Task objective
Give back exactly the lines from the one that holds "لوزون ومدينة مانيلا" through the final line of the data; omit the pictures and add nothing.

Given material
[Start of section]
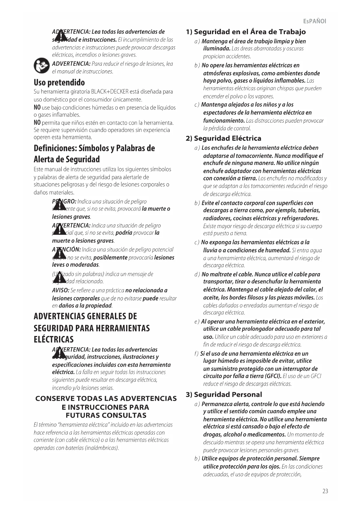 (Utilizado sin palabras) indica un mensaje de seguridadrelacionado. AVISO: Se refiere a una práctica no relacionada a lesiones corporales que de no evitarse puede resultar en daños a lapropiedad. Uso pretendido Su herramienta giratoria BLACK+DECKER está diseñada para uso doméstico por el consumidor únicamente. NO use bajo condiciones húmedas o en presencia de líquidos o gases inflamables. NO permita que niños estén en contacto con la herramienta. Se requiere supervisión cuando operadores sin experiencia operen esta herramienta. Español (traducido de las instrucciones originales)
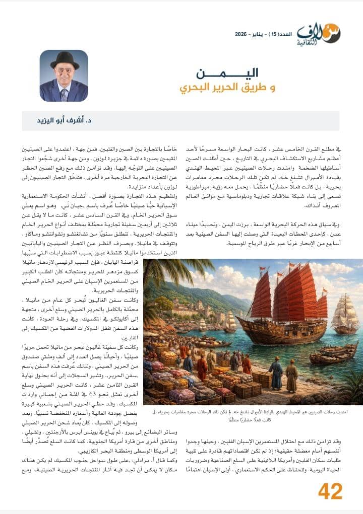 ويقدم مقال «اليمن وطريق الحرير البحري» للدكتور أشرف أبو اليزيد قراءة تاريخية معمقة لشبكات التجارة البحرية التي ربطت الصين بالعالم عبر المحيط الهندي والمحيط الهادئ، مبرزاً الدور المحوري للموانئ العربية، وفي مقدمتها عدن، ضمن هذه المنظومة العالمية المبكرة. يتتبع المقال صعود تجارة الحرير الصيني عبر الفلبين، خاصة جزيرة لوزون ومدينة مانيلا
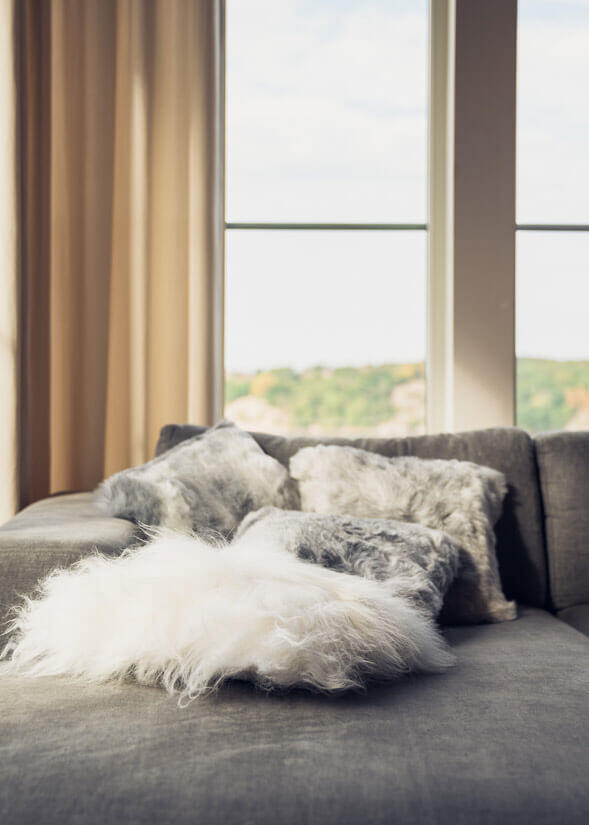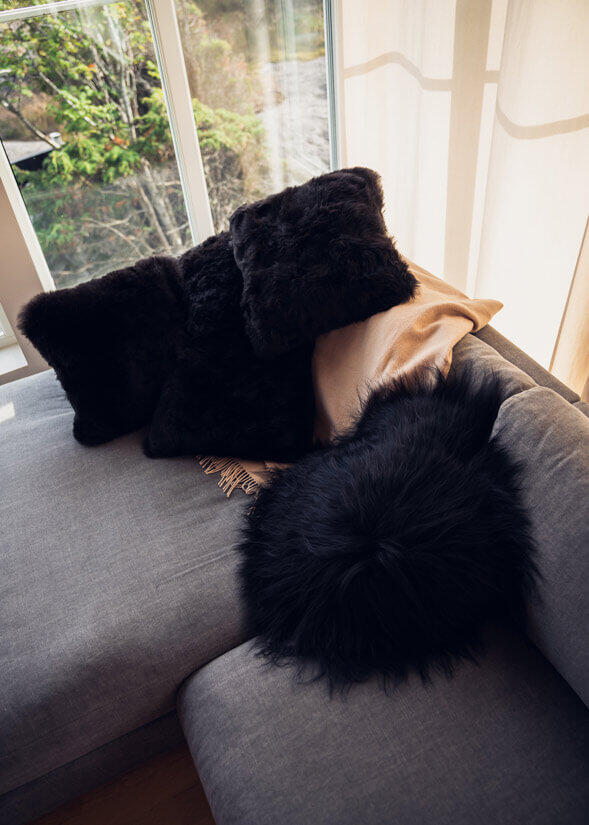 Icelandic Sheepskin Pillow är en underbart skön, varm och lyxig prydnadskudde som passar perfekt till soffan, sängen eller som komplement till Cuero Designs egen fladdermusfåtölj. Kuddarna levereras med stoppning och är klädda av det allra finaste isländska lammskinnet med en fin baksida av canvastyg. Fårskinnskuddarna finns i en kort- och långhårig variant i tre olika färger; svart, vit och grå. Storlek ca 35x35 cm.
[End of section]
Exercise solution
 ويقدم مقال «اليمن وطريق الحرير البحري» للدكتور أشرف أبو اليزيد قراءة تاريخية معمقة لشبكات التجارة البحرية التي ربطت الصين بالعالم عبر المحيط الهندي والمحيط الهادئ، مبرزاً الدور المحوري للموانئ العربية، وفي مقدمتها عدن، ضمن هذه المنظومة العالمية المبكرة. يتتبع المقال صعود تجارة الحرير الصيني عبر الفلبين، خاصة جزيرة لوزون ومدينة مانيلا
 Icelandic Sheepskin Pillow är en underbart skön, varm och lyxig prydnadskudde som passar perfekt till soffan, sängen eller som komplement till Cuero Designs egen fladdermusfåtölj. Kuddarna levereras med stoppning och är klädda av det allra finaste isländska lammskinnet med en fin baksida av canvastyg. Fårskinnskuddarna finns i en kort- och långhårig variant i tre olika färger; svart, vit och grå. Storlek ca 35x35 cm.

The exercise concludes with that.